Police in Malawi have arrested three suspects over the shooting of a top government official who was on a corruption-busting crusade.

Budget Director Paul Mphwiyo, 37, was shot and seriously wounded Friday night by unknown assailants.

He was evacuated to Johannesburg, South Africa, where he is said to be still in critical but stable condition.

‘Yes, we have arrested three suspects following the attempted assassination of the Budget Director,’ said police spokeswoman Rhoda Manjolo Tuesday evening. ‘We are currently interrogating them.’

Manjolo could, however, not identify the suspects but in an earlier interview Inspector General of Police Loti Dzonzi said police have collected several pieces on the motive of the shooting.

‘We are zeroing in on the syndicate,’ said the police chief.

President Joyce Banda, whose office said Sunday Mphwiyo’s shooting was not regular ‘robbery’ but was ‘targeted’ for closing in on a corruption syndicate, held a high-level crisis meeting with top security officials, including Dzonzi and Army Commander Gen.
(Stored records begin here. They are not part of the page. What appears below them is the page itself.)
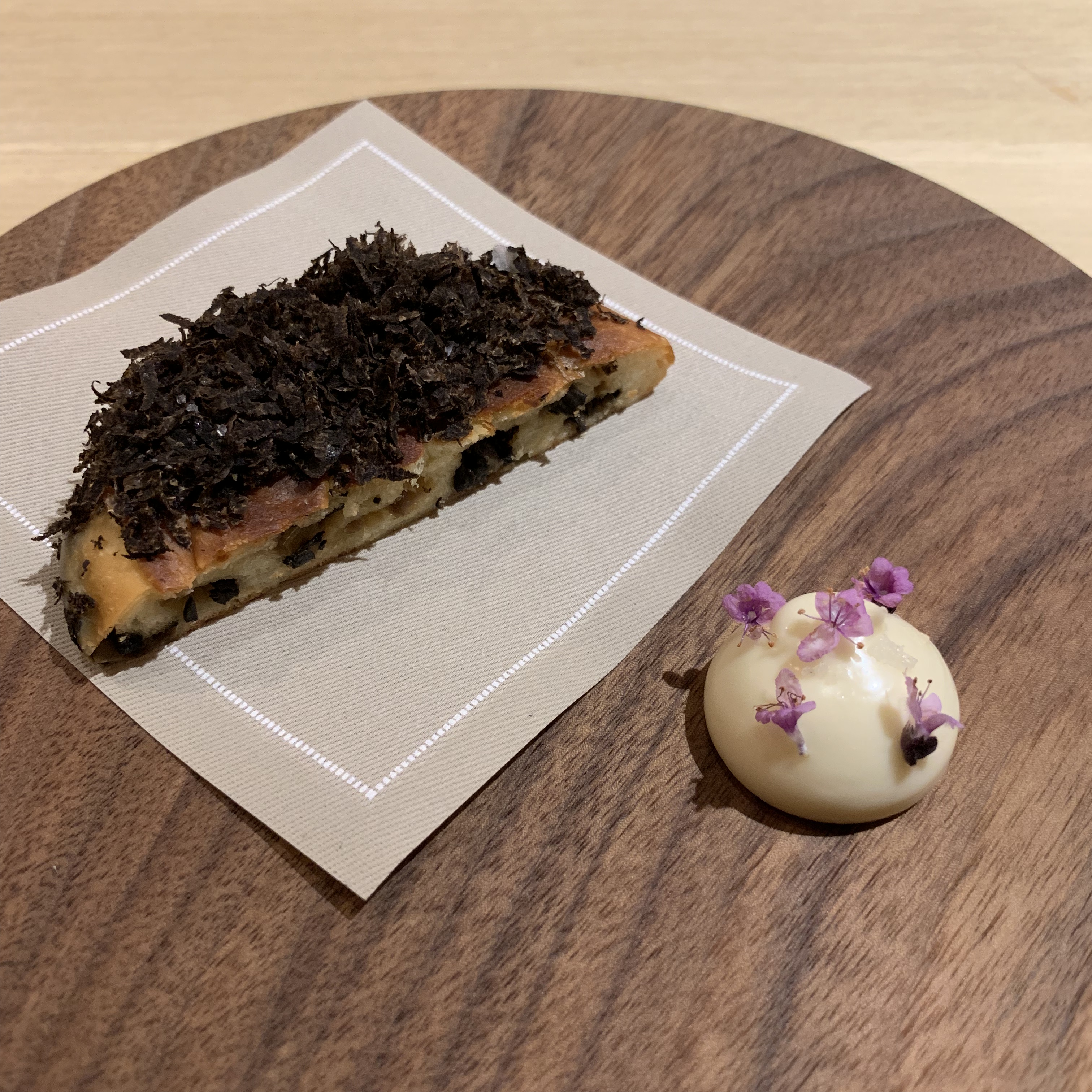 Course 11: Ensaïmada is a sweet pastry from Mallorca. Somni borrowed that idea and reimagined the dessert as a savory brioche, adding in caramelized onions and black trumpet mushrooms. It was served with a dollop of Parmesan butter topped with basil flowers. With the rich butter lathered on top, combined with the earthy aroma from the truffles, this brioche was pure heaven to eat.
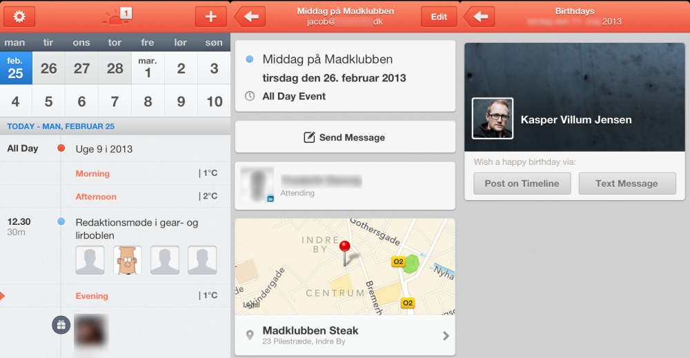 Facebook-integrationen er relativ dyb, og når dine venner har fødselsdag, kan du således vælge at skrive en besked på deres Facebook-timeline eller sende en sms-besked direkte fra Sunrise.
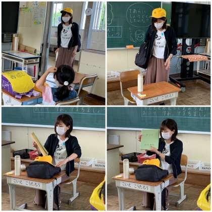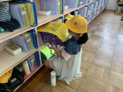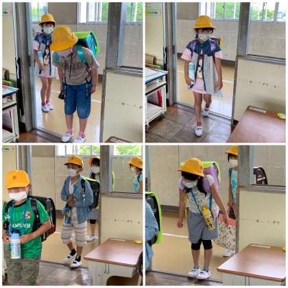 齊藤先生のお手本を見て、教室に入るときのおはようのあいさつから、自分のロッカーにランドセルをしまうまで、実際に練習です。
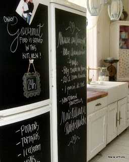 Sniðug hugmynd… 05.11.2012 …til þess að fegra gamla ísskápa – nú eða bara að nýta plássið betur 🙂 Fyrir: …og eftir smá krítarmálningu… …bara kúl… …þetta finnst mér ferlega sniðugt 🙂 …og kemur bara flott út! http://villahonkasalo.blogspot.com Myndir og hugmynd héðan. Share Þú gætir einnig haft áhuga á:Hárspangastandur...Sitt lítið af hverju...Kitchen Aid - DIY...
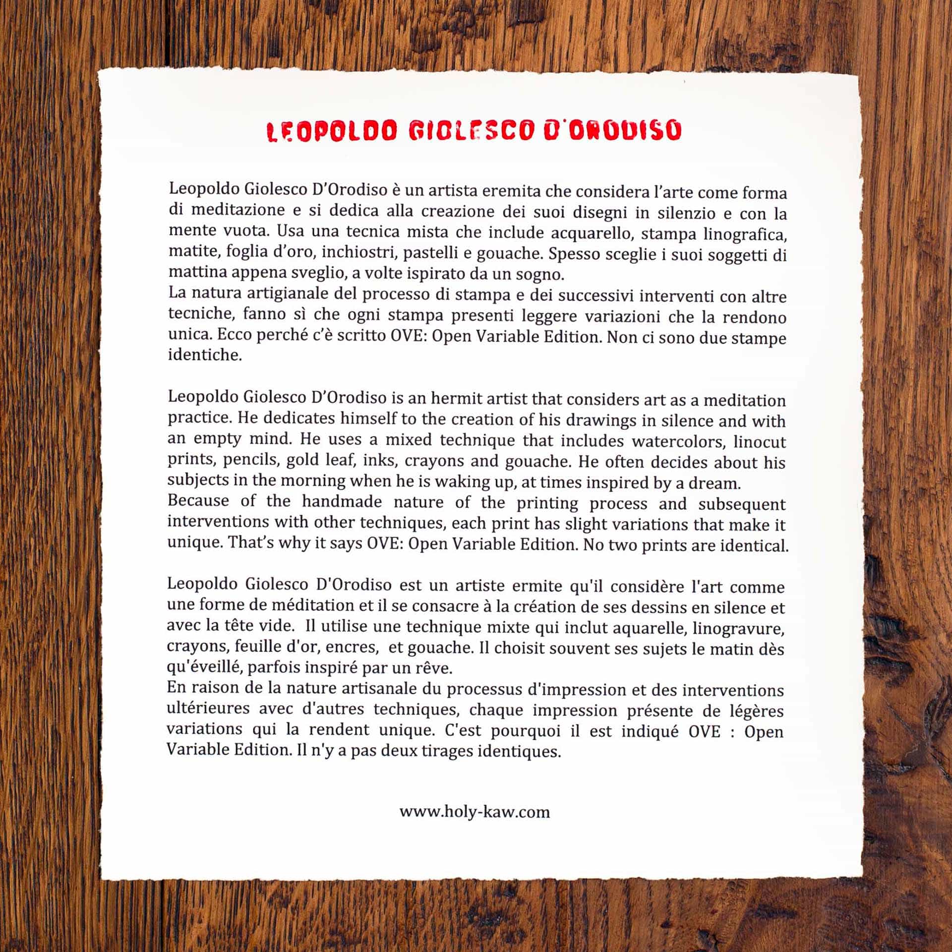 - Due to the handmade printing process, each print has slight variations, making it one-of-a-kind. This is why each piece is labeled as an OVE: Open Variable Edition – no two prints are exactly alike.
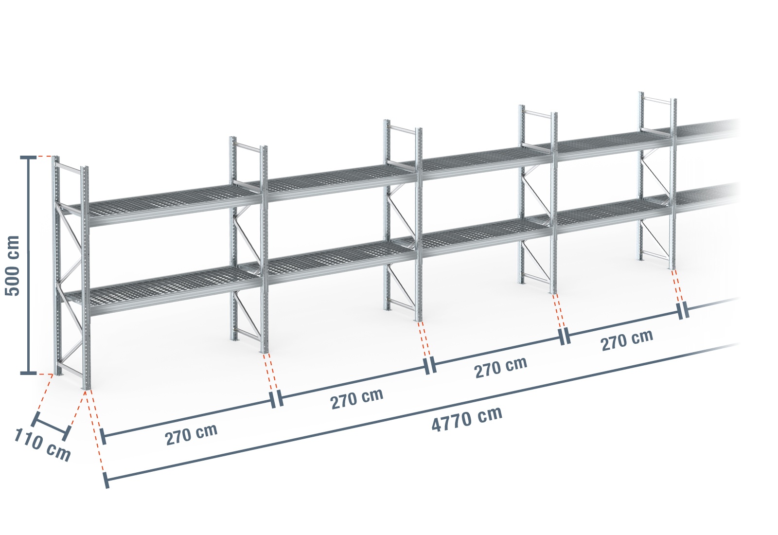 47,7 m pallet rack PR9000F galvanised / 110 cm deep / 5 m high / 2 levels / rack layer Galvanised mesh
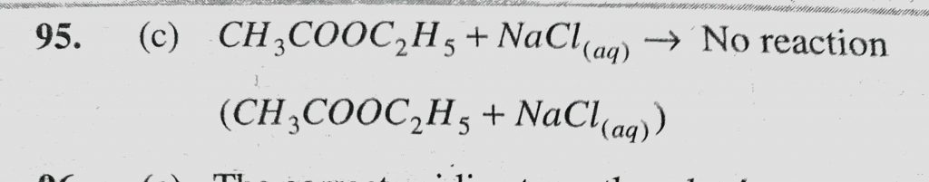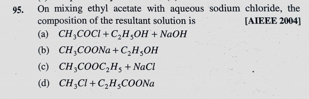 On mixing ethyl acetate with aqueous sodium chloride, the composition of the resultant solution is (a) CH3COCl + C2H5OH + NaOH (b) CH3COONa + C2H5OH On mixing ethyl acetate with aqueous sodium chloride the composition of the resultant solution is (a) CH3COCl + C2H5OH + NaOH (b) CH3COONa + C2H5OH February 13, 2021 Category: Uncategorised (JEE Advanced Physics by BM Sharma + GMP Solutions) , Facebook Messenger WhatsApp Share this:TwitterFacebook Related
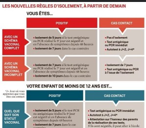 ·       Les règles et durées d’isolement des cas positifs et des cas contacts vont évoluer au niveau national. Pour de plus amples informations, il est possible de consulter le site mesconseilscovid.sante.gouv.fr (Isolement, tests, vaccins, attestations, contact à risque…)
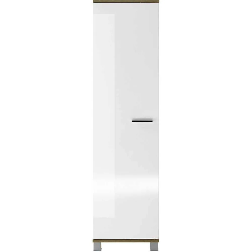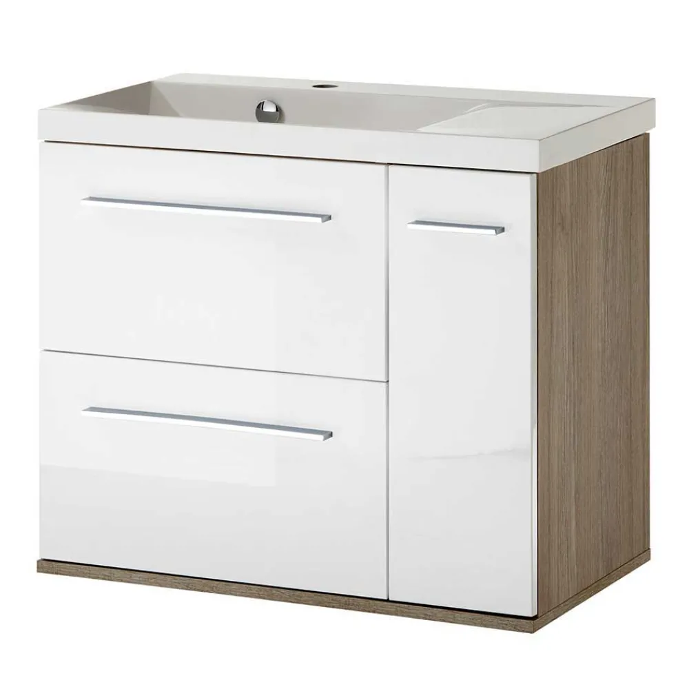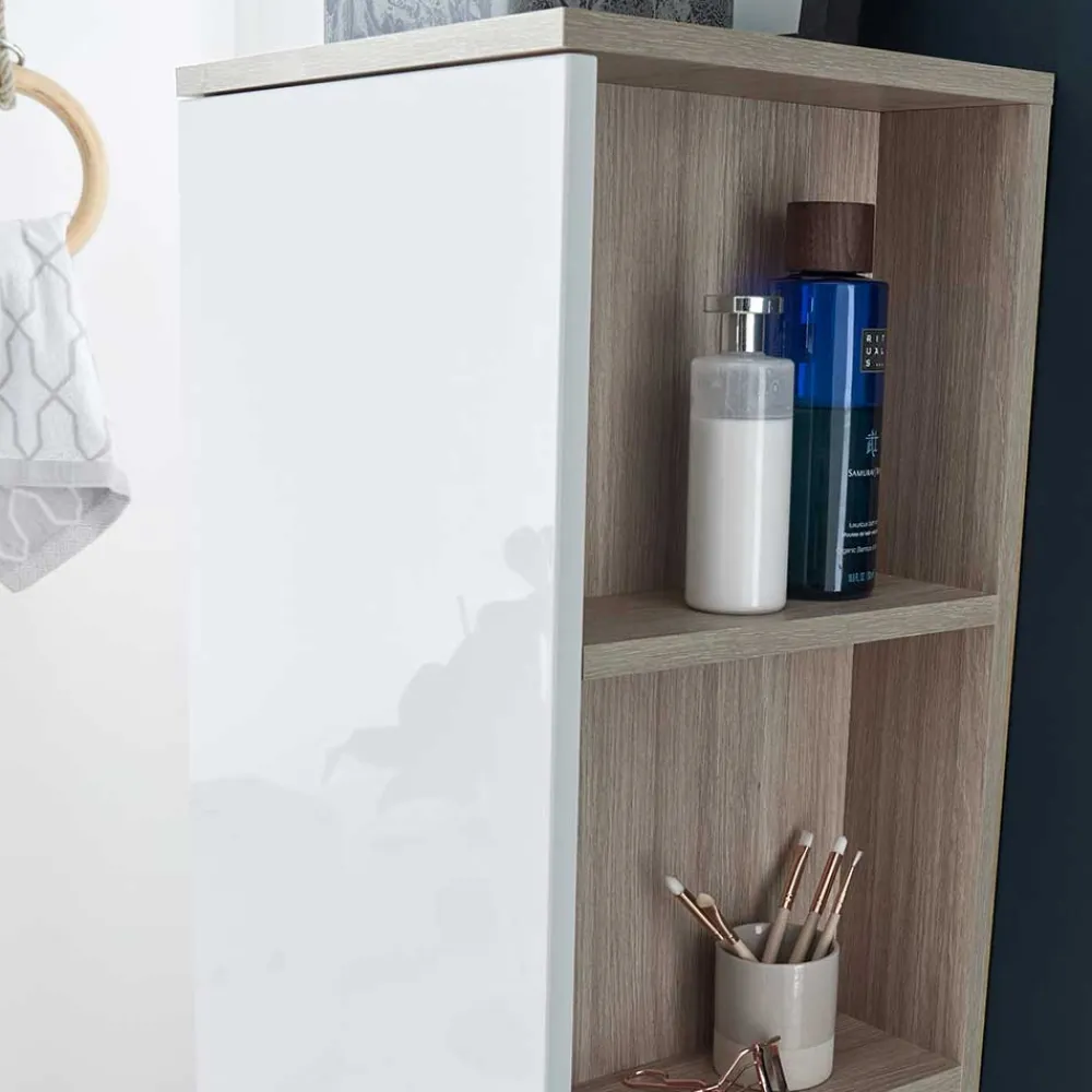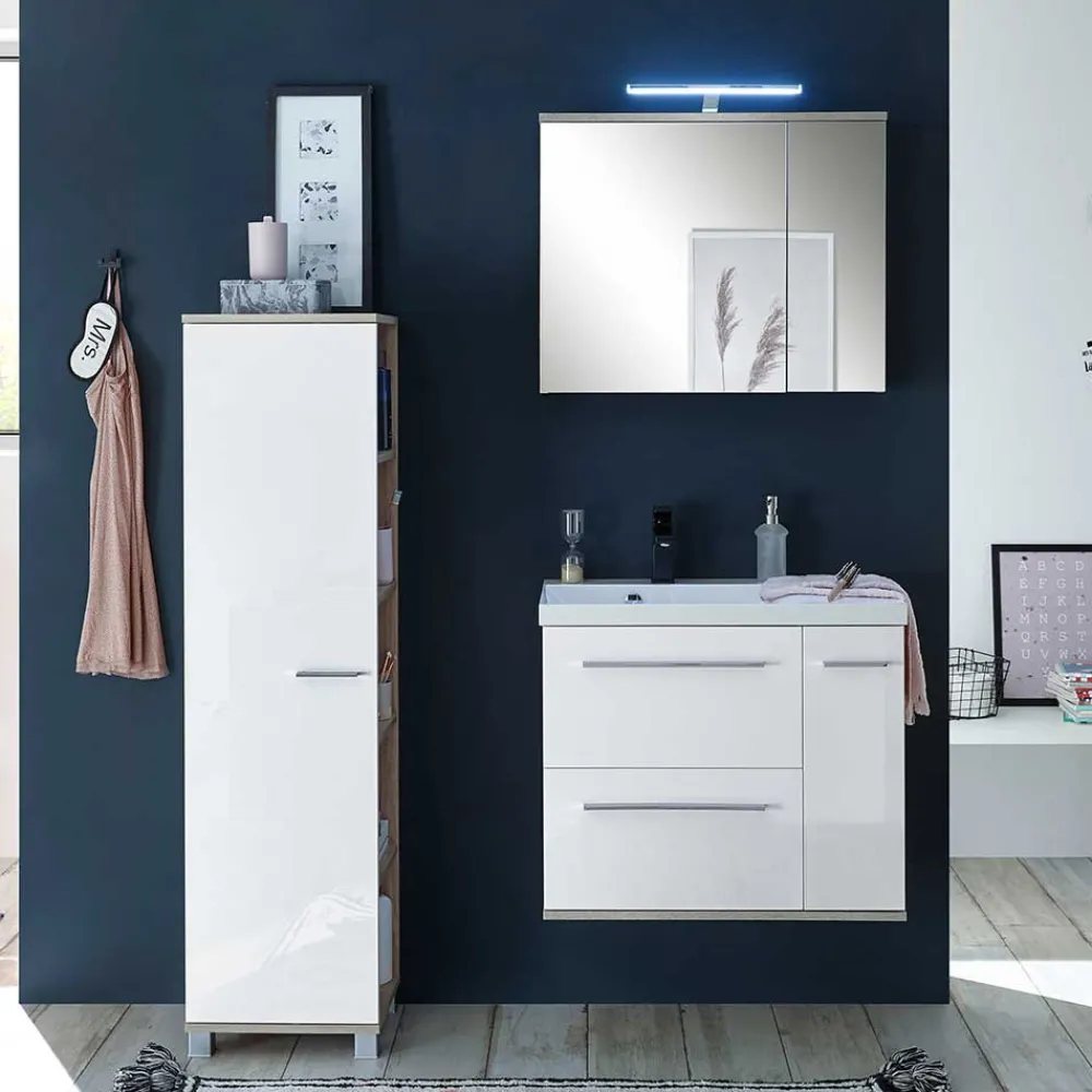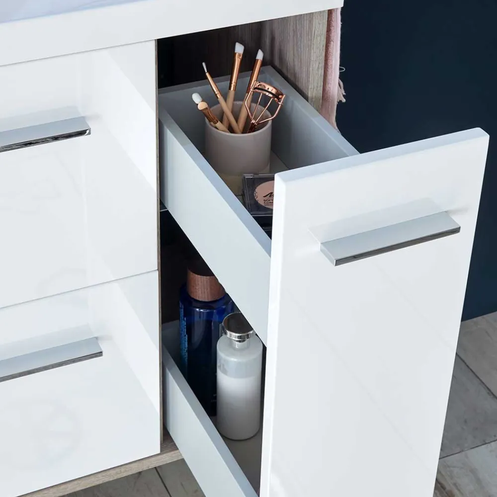 - Harmonische Badmöbel in Weiß und Eichefarben
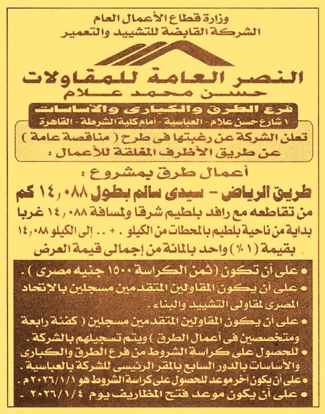 تباع الكراسة في موعد أقصاه يوم 1/1/2026)
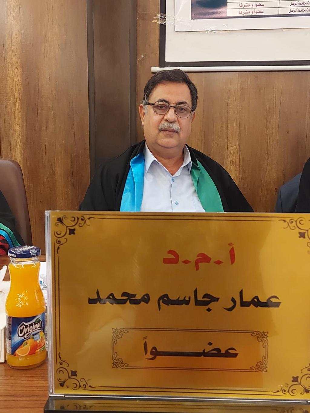 هذا وترأس لجنة المناقشة الأستاذ الدكتور جاسم خلف شلال وعضوية الأستاذ الدكتور تنزيه مجيد حميد والاستاذ المساعد الدكتور عمار جاسم اليوسف والاستاذ المساعد الدكتور احمد بهجت خلف والاستاذ المساعد الدكتورة صمود حسين وبإشراف كل من الاستاذ الدكتور مزاحم سعيد البك والاستاذ الدكتور محمد يونس العلاف .
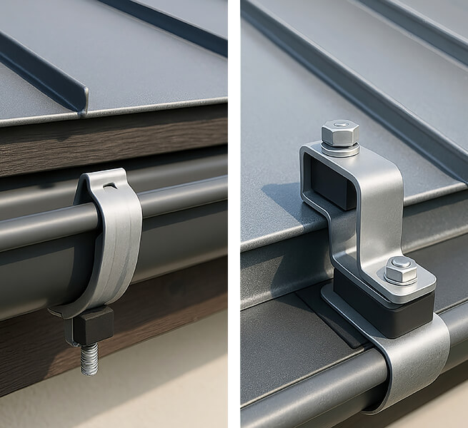 1 Zink: lötbar, bildet Patina, ca. 30–40 Jahre, neutraler Look, nicht mit Kupfer kombinieren. 2 Kupfer: sehr langlebig (50 +), edel, patiniert grün, teuer, nie mit Zink/Alu mischen. 3 Aluminium: leicht, korrosionsfest, farbbeschichtbar, Dehnungsausgleich nötig, ca. 25–40 Jahre. 4 Edelstahl: höchste Beständigkeit, moderner Look, schwerer/teurer, ideal bei hoher Belastung. 5 Fallrohr-Revisionsstück/Laubfang: einfache Reinigung, schützt vor Verstopfung und Nässeschäden. 6 Rinnen-Laubschutz: hält Laub zurück, Wasser läuft ab, weniger Reinigung, weniger Überlaufen. 7 Schneefanggitter: stoppt rutschende Schneetafeln, Schutz für Wege/Rinne; Dimensionierung nach Schneelast und Dachneigung. 8 Trauf-/Rinnendetail: stabile Haken, optional Heizung gegen Eis, sauberer Übergang verhindert Unterläufigkeit. 9 Kant- und Tropfschutz: Abdeckungen/Tropfbleche leiten Wasser von der Fassade weg, schützen Putz und Sockel, verbessern Optik und Haltbarkeit.

Henry Odillo.

‘We are assuring government officials and the general public of security,’ said Vice-President Khumbo Kachali after the closed-door meeting.

Sources say Mphwiyo was closing in on a syndicate that includes politicians, businessmen and top government officials, that siphon millions of dollars from government using dubious contracts with government.

Soon after his appointment by President Banda, Mphwiyo, the youthful US-trained technocrat has overhauled Malawi’s porous finance systems that left a lot of loopholes for corrupt government officials and businessmen to siphon money.

He has cancelled several dubious contracts with government worth millions of dollars, a development that left him unpopular among other government officials and their business associates.

Prior to his shooting, Mphwiyo confided to friends and family that he was receiving anonymous phone calls warning him that he was ‘marked’.

‘He had told us that he was receiving death threats but he never thought it was serious,’ Nation of Sunday quoted one of his associates as saying. ‘He believed it was just some disgruntled people who thought he was spoiling their business deals, that is, fraudulent government contracts and closing out loopholes.’

The statement from the presidency also alluded to the fact that Mphwiyo was targeted for cleaning up the government finance systems.

‘The government wishes to notify the public that it strongly believes that Mr Mphwiyo’s shooting was not just any other robbery but a planned and targeted attack aimed at silencing him and the Government in the fight against high levels of corruption and fraud,’ the statement said.

It added ‘The President and the government therefore wish to assure all Malawians that the fight against corruption and organised fraud in government, which had become entrenched in the past years, will in no way be deterred by this shooting but it will be sustained to ensure that these evils are rooted out of the Government and the nation at large.’

Corruption is endemic in Malawi government finance systems so much that former Director of Public Prosecution Fahad Assani is on record as saying over 30 per cent of the national budget is lost through corruption.

Former president Bakili Muluzi set up the Anti-Corruption Bureau to fight graft.

Muluzi himself and several former government officials are currently in court answering several corruption cases. Over US$ 100 million was said to have been lost through corruption during the 10 years Muluzi was in power.

The Banda administration has also just announced that former president Bingu wa Mutharika, who died in April last year from cardiac arrest complications, dubiously amassed a net wealth of 60 billion Malawi kwacha (about US$ 174 million) during the seven years he was in power.